John W. Drakeford, Zondervan Publishing House, Grand Rapids, Michigan, 1986, 160 pages, $6.95, paper.

Reviewed by James L. Stevens, ministerial director, New Jersey Conference of Seventh-day Adventists

The title Humor in Preaching may not appeal to some readers because they will think the book deals mainly with levity in the pulpit, but this is not the case. It is about how to communicate the gospel in an effective way. The contents deal primarily with making the hearing of the gospel a pleasant experience for those who attend worship services or public meetings.

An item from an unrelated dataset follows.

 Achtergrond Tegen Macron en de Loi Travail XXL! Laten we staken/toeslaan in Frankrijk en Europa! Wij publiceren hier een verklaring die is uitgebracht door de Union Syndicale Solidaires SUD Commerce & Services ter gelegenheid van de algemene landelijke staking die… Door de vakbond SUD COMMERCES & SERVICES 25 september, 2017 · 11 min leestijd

Humor creates an atmosphere in which an audience is more inclined to listen and respond.

John Drakeford, a professor of psychology and counseling at Southwestern Baptist Theological Seminary, has put together a well-organized, easy-to-read book on the craft of preaching. He shows how humor can help build a relationship between preacher and audience, but states that "the humor advocated here is a kind that gives the impression of humility, and makes the listener feel relaxed and receptive." Drakeford discusses the various uses of humor, the humor cycle, and developing a communicative attitude that puts the audience at ease and able to respond to your message.

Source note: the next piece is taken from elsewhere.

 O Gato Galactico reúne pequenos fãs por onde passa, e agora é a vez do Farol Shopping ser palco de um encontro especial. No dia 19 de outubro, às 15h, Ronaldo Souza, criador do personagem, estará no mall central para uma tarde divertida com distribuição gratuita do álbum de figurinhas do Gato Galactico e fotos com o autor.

He cautions about the overuse of humor when he says, "It is important to remember that a preacher can become too interested in humor, miss the point of his calling, and sink to the role of a jester. . . . Perhaps such preachers are rare, but all preachers must learn to be sensitive to occasions when humor is inappropriate."

My evaluation of this book is that it is tremendously helpful, and we have ordered one for every minister in our conference.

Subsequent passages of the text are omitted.